A. Be one of Barker's Beauties like my first redhead icon, Holly Hallstrom, or
B. Meet Bob Barker in Contestant's Row, play Plinko, spin $1.00 on the Big Wheel, and win the Showcase Showdown
...you'd think I'd heed Bob's sage advice to help control the pet population by having my pets spayed and neutered. So why isn't Libby spayed already? Funny story (not really).
When George ran away in October 2007, my job as a Mortgage Consultant at Countrywide Home Loans was circling the drain. It was the beginning of the subprime mortgage crisis. Everyday I came to work, the guidelines were stricter, the loan options were fewer, and layoffs were happening at any and every moment. We worked in a cube farm on the sixth floor of this office building, and at various points throughout my final weeks at work, the Vice President would walk towards our corner of the cube farm, and begin pointing at people all around me and canning them right then and there. It was like a corporate version of Nintendo's Duck Hunt and I was just trying not to get shot.
Since I was devastated that George was missing, and sitting in a cubicle waiting to be fired was stressful, and having to tell potential borrowers all day long that I can't help them get a loan was depressing, I spent a lot of time on the internet looking for George. Yeah, that was a fruitless search, but it's where I found Libby. She was staying in a shelter in Gainesville, some 75 miles from where I live. When I called the shelter and learned that the only requirements for adoption were a photocopy of my drivers license and an $85 adoption fee, I decided I was meant to save her. I promptly quit my job and withdrew $85 from the nearest ATM. That's the flimsiest adoption process I've ever heard of, and I didn't want just any old hack to take her. When I adopted Laney, the fee was $250, and I had to fill out lengthy paperwork, pass a home inspection, give a veterinary reference, and take a blood oath to give that puppy the kind of life that other puppies only read about in fairytales.
Libby was not doing so hot when I met her. Her mother was a stray who delivered a litter of puppies in a random barn on a farm. The farmer's wife discovered the mom and the puppies. When she returned a couple days later to collect them to take to the shelter, the mother was gone. Now, four months later, all of Libby's sisters had been adopted and Libby had developed kennel cough, so she had a major case of the sads. The vet tech at the shelter told me that all she needed was "love". And a course of antibiotics. The $85 adoption fee included her vaccinations, her kennel cough medicine, her spay surgery, and a microchip. I was told the microchip had not yet been implanted because Libby hasn't been feeling well, but that I was welcome to drive the 150 mile round trip to return to the pound and have it implanted once she was feeling better. Thanks, but no thanks. Libby sat in my lap as I drove home, and we lived happily ever after...
Until seven months later when somebody got her period in my bed. I was horrified! I went through my records, found the documentation stating she'd been spayed, and called the shelter. Oops, there must have been a clerical error! They spayed all of her sisters, but not Libby because she was sick. They meant to go back and spay her later, but then this nice lady adopted her...

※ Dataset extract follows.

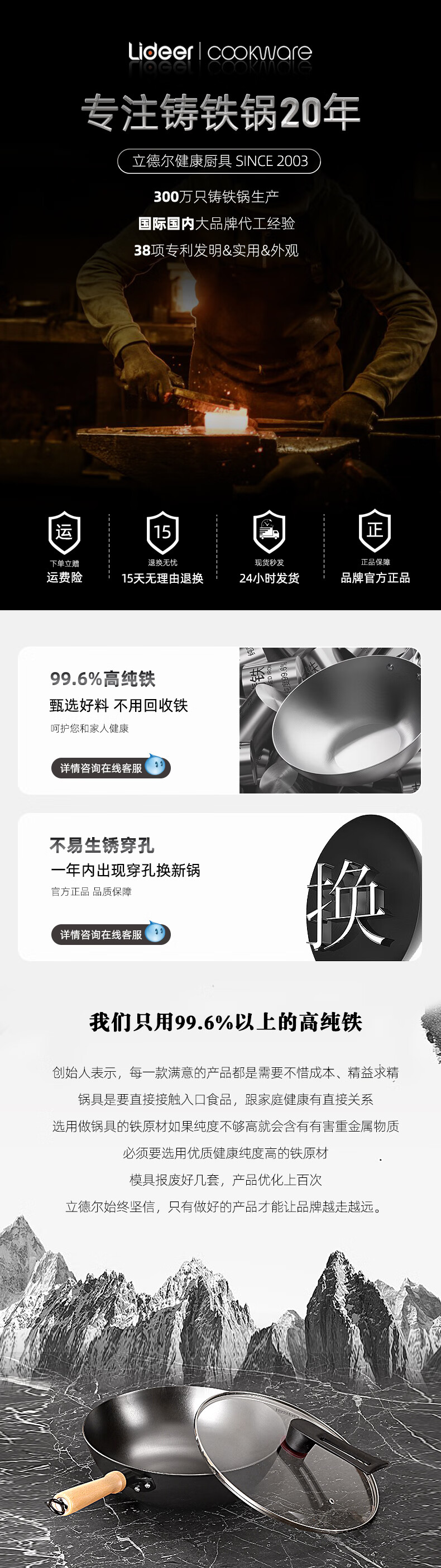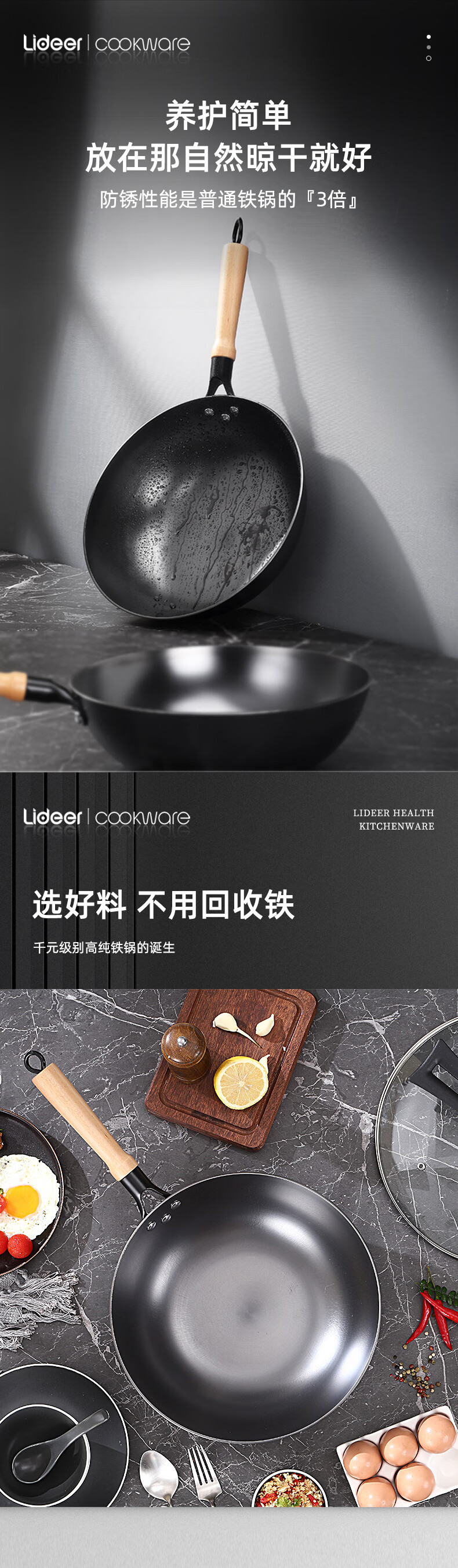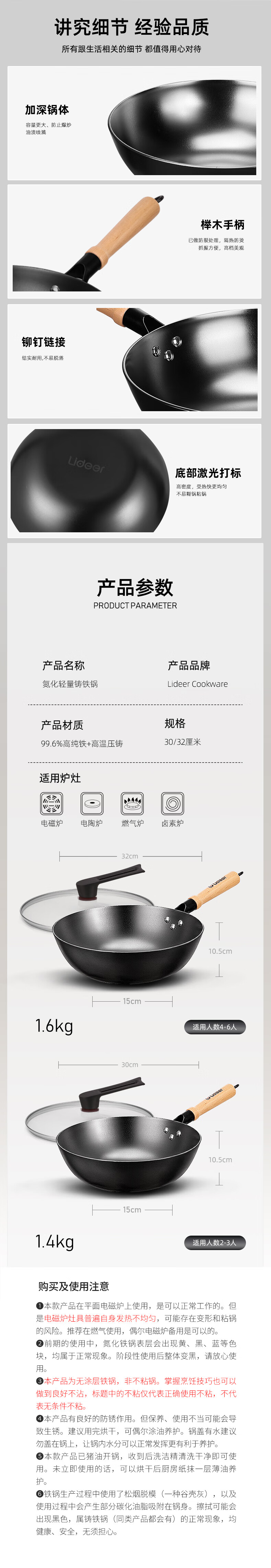 LIDEER COOKWARE立德尔炒锅铸铁锅无涂层平底锅家用炒菜锅电磁炉燃气通用烹饪锅具 【氮化轻量铸铁炒锅】带盖 28cm

That's when panic set in. Libby has been sharing a crate with George, who by this time has returned to our home but is still not neutered. What if they made puppies? What if Libby is knocked up? My vet offers to x-ray Libby to see if there are puppies so we can know whether or not to have her spayed just yet. You see, puppy abortion is not on my list of things to do. After the vet has a chance to review Libby's x-ray, they determine that there are no puppies in her womb, but that her intestines are full of poo and the vet tech complained that Libby passed some stinky farts during the x-ray process. Thanks a lot. I didn't need an $85 x-ray to tell me that my mutt is stinky and full of shit.
My vet would spay her for $350. Steve and I have a friend who is close friends with a local vet, and Steve was of the belief that this vet may spay Libby in exchange for golf balls. Since I would rather pay in golf balls than dollar bills, I asked Steve to broker that little deal. Two years later...
I'm sitting on my couch, holding my newborn son, when Mom says to me, "Uh oh. I see blood drops on the tile. One of the dogs must have hurt themselves. We need to check all of their paws." I don't say anything, but in my head I'm all Catherine Willows from CSI.
Not to be outdone by me and the arrival of my baby, Libby proved that I was not the only bitch in the house capable of reproducing. She would not allow me to hog the spotlight. Neither would Gus. After two weeks in my home, where Gus largely ignored Libby, he suddenly wanted to ride her like a pony. Then, in front of Mom, Robinson, and me, Gus began to hump Libby's face. "Libby, Libby, make him buy you dinner first!" I joked. Mom's not amused.
So here we are. Libby will be snipped by supper, thus closing the book on the Libby's Vajayjay Chronicles.